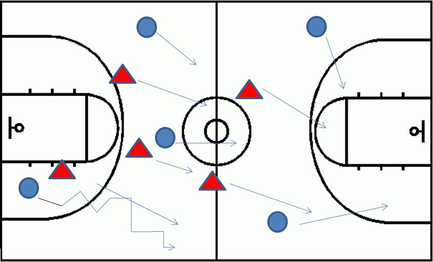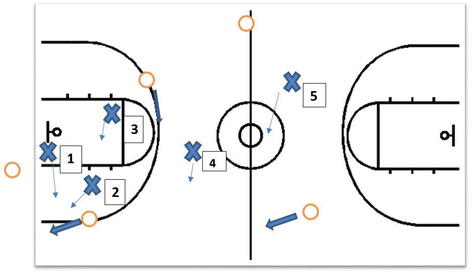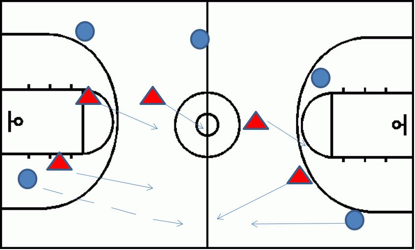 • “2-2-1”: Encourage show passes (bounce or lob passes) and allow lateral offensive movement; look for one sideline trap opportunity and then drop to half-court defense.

---

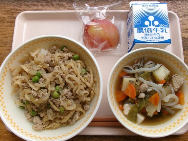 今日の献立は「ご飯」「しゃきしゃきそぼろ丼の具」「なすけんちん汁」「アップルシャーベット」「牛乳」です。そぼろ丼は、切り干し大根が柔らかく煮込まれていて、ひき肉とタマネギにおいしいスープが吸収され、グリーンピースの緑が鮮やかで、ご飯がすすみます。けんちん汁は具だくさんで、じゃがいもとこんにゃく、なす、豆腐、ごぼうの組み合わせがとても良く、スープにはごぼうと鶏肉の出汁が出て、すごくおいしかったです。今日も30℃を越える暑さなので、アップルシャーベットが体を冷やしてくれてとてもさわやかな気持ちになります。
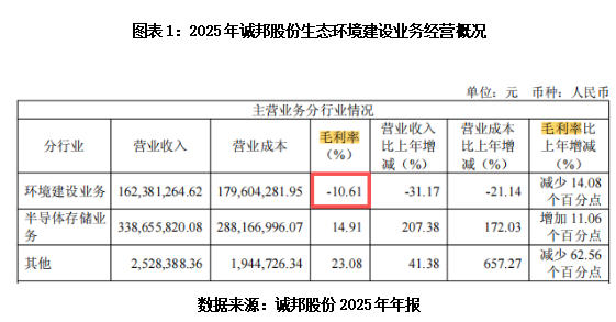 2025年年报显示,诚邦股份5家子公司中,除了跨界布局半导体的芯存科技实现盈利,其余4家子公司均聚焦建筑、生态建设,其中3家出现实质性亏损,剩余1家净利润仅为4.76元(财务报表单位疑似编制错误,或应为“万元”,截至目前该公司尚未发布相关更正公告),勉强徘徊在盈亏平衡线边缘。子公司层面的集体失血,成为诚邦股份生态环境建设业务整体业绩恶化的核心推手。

## Brief
Above are the records; return the lines in them from the one with "今日の献立は「ご飯」「しゃき" to the one with "2025年年报显示,诚邦股份", inclusive, exactly and without images.

## Written response
 今日の献立は「ご飯」「しゃきしゃきそぼろ丼の具」「なすけんちん汁」「アップルシャーベット」「牛乳」です。そぼろ丼は、切り干し大根が柔らかく煮込まれていて、ひき肉とタマネギにおいしいスープが吸収され、グリーンピースの緑が鮮やかで、ご飯がすすみます。けんちん汁は具だくさんで、じゃがいもとこんにゃく、なす、豆腐、ごぼうの組み合わせがとても良く、スープにはごぼうと鶏肉の出汁が出て、すごくおいしかったです。今日も30℃を越える暑さなので、アップルシャーベットが体を冷やしてくれてとてもさわやかな気持ちになります。
 2025年年报显示,诚邦股份5家子公司中,除了跨界布局半导体的芯存科技实现盈利,其余4家子公司均聚焦建筑、生态建设,其中3家出现实质性亏损,剩余1家净利润仅为4.76元(财务报表单位疑似编制错误,或应为“万元”,截至目前该公司尚未发布相关更正公告),勉强徘徊在盈亏平衡线边缘。子公司层面的集体失血,成为诚邦股份生态环境建设业务整体业绩恶化的核心推手。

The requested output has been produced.